As misjudged as this was, others in the audience argued even more implausibly that Bad Pharma would scare patients, and therefore be harmful to them and healthcare in general.

As the debate’s chair Dr Phil Hammond pointed out, the controversies around pharma’s hidden data and culture of secrecy have parallels in the scandals in NHS patient care, where poor care was concealed and hushed up.

The most notable case, is of course, the neglect and suffering and deaths of patients at the Mid Staffs hospital finally confirmed this year by the Francis Report.

Claims that Bad Pharma, in highlighting the worse examples of pharma practice is unhelpful because it could scare the public, then, is really not far removed from saying that the Francis Report shouldn’t be published because it would make the public scared of using an NHS hospital - clearly these facts need to be aired.

Happily, the 400-strong audience assembled at the PharmaTimes event seemed open to many of the arguments put forward by Goldacre, and Fiona Godlee, editor of the BMJ and Sir Iain Chalmers of the Cochrane Collaboration, who are long-standing campaigners for greater data access and spoke in support of Goldacre’s motion.

Godlee spoke about the BMJ’s own campaign to force Roche to publish data on its antiviral Tamiflu, saying the firm had still to publish the data, despite being criticised by an EU ombudsman, and promising to publish the data four years ago.

Susie Hackett, a spokesperson for Roche UK responded to Godlee by announcing that the firm was now assembling its own process for granting access to clinical trial data for third party researchers.

This move looks likely to mirror GSK’s pledge to open access to its full clinical study reports (CSRs) to researchers which came in October, just weeks after Goldacre’s book was published. GSK will use an independent board to grant access to researchers, a move aimed at preventing any potential misuse and abuse of ‘raw data’ from clinical trials.

The debate, despite some personal enmities, managed to maintain a convivial, intelligent tone, and suggested an industry open enough to keep moving forward and eliminating shortcomings when they become apparent to all.

A poll, taken at the beginning and end of the evening, showed a significant number of of the audience persuaded by the debate that pharma was indeed 'getting its act together'.

Those disagreeing or disagreeing strongly with Goldacre's motion that pharma was not getting its act together went up 12% overall, with 39% disagreeing and 19% disagreeing strongly in the final vote.

But this rather woolly question distracted from the core proposition.

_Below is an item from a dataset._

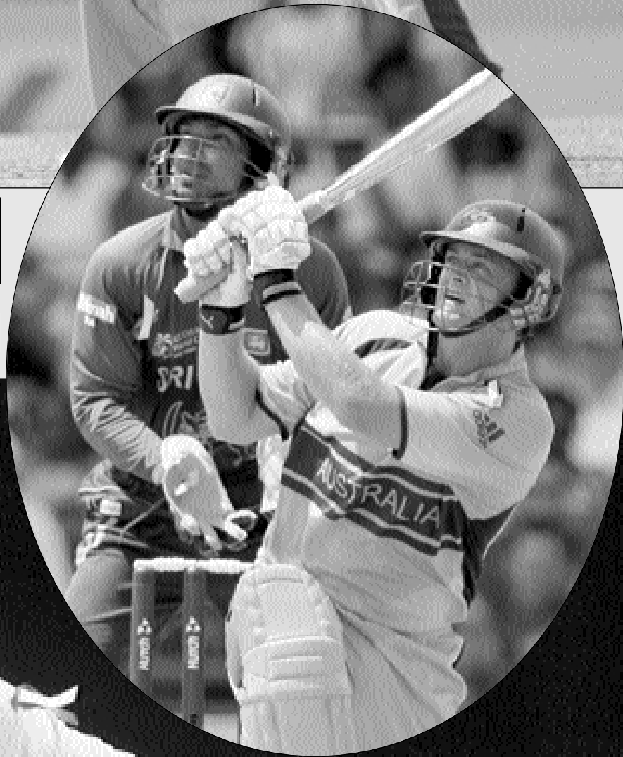
Adam Gilchrist strikes a six off the bowling of Sri Lanka's Muttiah Muralitharan .

The audience voted on the statement: "All results from all trials for all treatments currently in use must be publicly available". On this point, there was a clear majority - 69% agreed that it needed to happen.

Goldacre concluded by saying that the momentum towards full disclosure was now a ‘juggernaut’ and that it was inevitable it would come about eventually.

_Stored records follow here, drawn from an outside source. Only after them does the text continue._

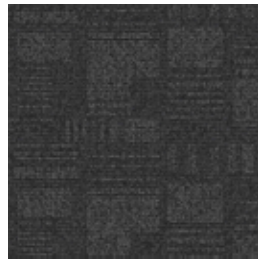
Fast Talk - 675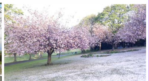
Scenes from High Hazels Park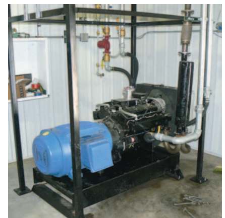
Small engine/generator system

Electricity produced through the above described process is generally used through one of two, or perhaps a combination of both, processes. First, to the extent that a farmer has a need, the electricity can be used on the farm. Using home made electricity allows a farmer to significantly cut his related utility costs. For any electricity that can't be used on site, a farmer can attempt to sell the electricity back onto the electric grid. Farmers interested in selling electricity onto the grid should contact their local utility early in the planning stages of their process to determine what type of rate they'll be able to obtain for their electricity sales.

Few present at the debate would disagree with that - thus it is only the speed of change, and the extent and character of the new transparency by which pharma should be judged in future.

List of speakers:

Dr Phil Hammond, moderator

Dr Ben Goldacre, proposing the motion

Stephen Whitehead, opposing the motion

Dr Fiona Godlee, editor in chief, BMJ, supporting Ben Goldacre

Dr Beat Widler, CQA and Quality Risk Management expert and managing partner at Widler & Schiemann, supporting Stephen Whitehead

Sir Iain Chalmers co-founder, The Cochrane Collaboration, supporting Ben Goldacre

Dr Richard Tiner, Formerly president of the Faculty of Pharmaceutical Medicine (2009-12) and ABPI medical director (1996-2009), supporting Stephen Whitehead.